Writing output to file

Remember that when writing to external files, you need to pay attention to the class of your object and what kind of output file you want to create.

Data frame to .csv:
A .csv file is a text file that can be read by a word processor or spreadsheet software. Use write.csv().

mydat <- data.frame(x=1:10, y=rnorm(x))
write.csv(mydat, file="mydat.csv")

Data frame (and other objects) to .Rdata:
An .Rdata file is a binary file specific to R. This is good for saving intermediate steps in data analysis that can be read in directly as R objects.

mydat <- data.frame(x=rnorm(10), y=rnorm(10))
a <- letters[1:10]
write(mydat, a, file="myobjects.Rdata")

Lines of information to text file
If you want to save lines of output to a text file, use cat(). Cat takes character strings, which you can assemble using paste(). It will write output line by line for each call, so if you want to add a line on to existing lines make sure to set append=TRUE.

x <- 244
line <- paste("The value of x is:", x, "\n", sep=" ")
cat(line, file="myoutput.txt")
cat(Sys.time(), file="my output.txt", append=TRUE)
cat("That is all. The end", file="myoutput.txt", append=TRUE)

Dumping output to a text file
Sometimes you just want all of the output, say from a linear model summary, to be saved in a text file.

xy <- data.frame(x=rnorm(10), y=rnorm(10))
lm.xy <- lm(y ~ x, data=xy)

sink("myoutput.txt") # opens connection to file
print(summary(lm.xy)) # prints regression output
sink() ## directs output back to console (screen)

sink(“filename”) open a connection to a file. Anything you print() after that will be sent to your file.  Call sink() again to send output back to console.

Print plots to pdf
This is similar to the sink() example. Use pdf() to open a connection to a pdf file (or a “graphical device” of type pdf), then make your plots, then turn off the device.

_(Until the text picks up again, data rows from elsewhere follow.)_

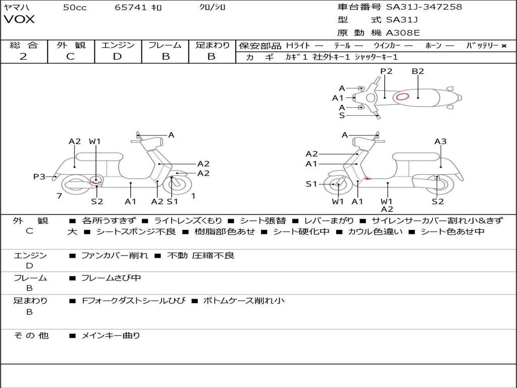 | Номер рамы / VIN | SA31J-347258 |
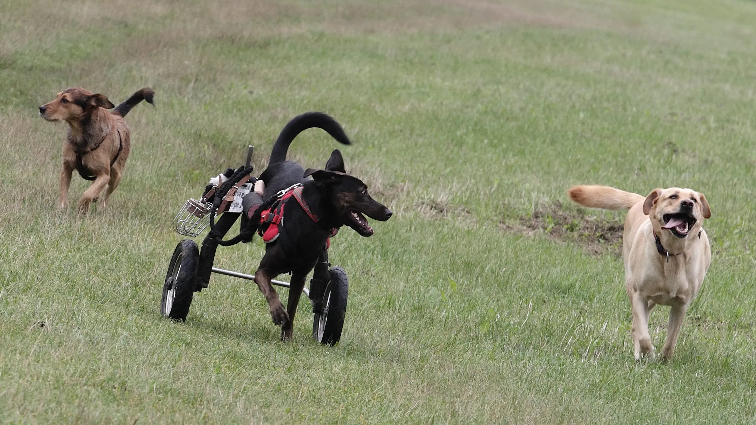 Three-years-old dog Hope (C) runs using a wheelchair amongst other dogs in Vienna September 3, 2014. (Photo by Heinz-Peter Bader/Reuters)
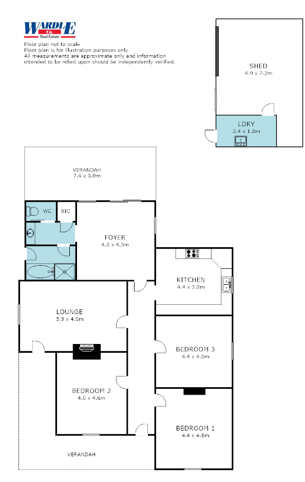 - Shed approx. 5 x 7m with Laundry inside stainless steel wash trough and tiled floor
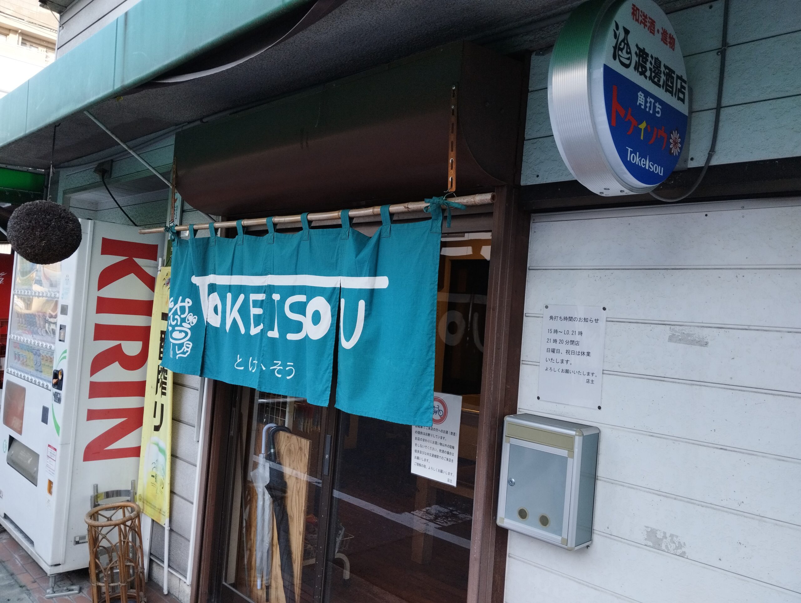 横川駅から徒歩10分ほどだろうか、渡邊酒店が運営する角打ち「トケイソウ」、角打ち好きとしてはイカないとネ…。

xy <- data.frame(x=rnorm(10), y=rnorm(10))
pdf("xyplot.pdf") # opens pdf device
plot(x,y) # plots to file, nothing to screen
dev.off() # must turn off device or pdf wonʻt open
plot(x,y) # plots to screen

Put some thought into the storage of your data and your output and your script. Think about opening the project a year from now and being able to remember what you did, with enough information to be able to replicate it.

  • Always save a copy of your data in text files (.csv). These are the most robust to archiving. No matter how file formats change, you can always open a text file.
  • Also save a copy of all of your output as pdfs or txt files. This is what you will refer to when you are revising your manuscript, etc. Even if your script is working, itʻs always a good idea to save the output so you know what you got.
  • Of course save a clean, commented, working copy of your script. Clean it up, remove extraneous objects and code, and run it from source after restarting R. Save all of these items in a clean folder with only the essential elements, inputs and outputs.

Reproducible results!

Matching quantitive values

3) Some of you have emailed me regarding matching on numeric values. In general, it is not a good idea to try to use == on quantitative numeric (non-integer) values.

This is because numeric values are stored as double precision. Although it looks like 5.1, it may actually be 5.1000001 which will cause no match when you compare it to 5.1. It is actually stored to eight decimal places (+/- 10^-8). Itʻs perfectly fine to use == for discrete values (like index numbers which are integers, or factors or characters), but do not use them for quantitive values or you may be surprised.

Here is an example of where this might come up.

x <- seq( from=0, to=50, by=0.1)
which(x==5.5) # works
which(x==5.1) # doesnʻt work
which(x==5.3) # doesnʻt work

Instead, use:

which(x>5.0 & x<5.2 ) # Better way

Of course it may return more than one index. You can just take the mean index:
which( x>4.9 & x<5.3 )
[1] 51 52 53

ii <- which( x>4.9 & x<5.3 )
mean(ii)
[1] 52

Of course rather than using actual fixed numbers, you may want to have a guess for x called P_x and test in a small neighborhood around that point. So if your delta is .1, you could code it as:

> ii <- which((x>P_x-delta) & (x<P_x+delta))

mean(ii)

If you are concerned about getting an even number (and resulting in a mean with a .5 ending, just round down:

> ii <- floor(mean(ii))

Then the coordinates of for example your guess would be:

> P_x <- x[ii]

P_fx <- fx[ii]

If you create a vector of derivatives, you can also use ii to index that as well:

> dx <- derivative[ii] # if you store your vector of derivatives in “derivative”

Marguerite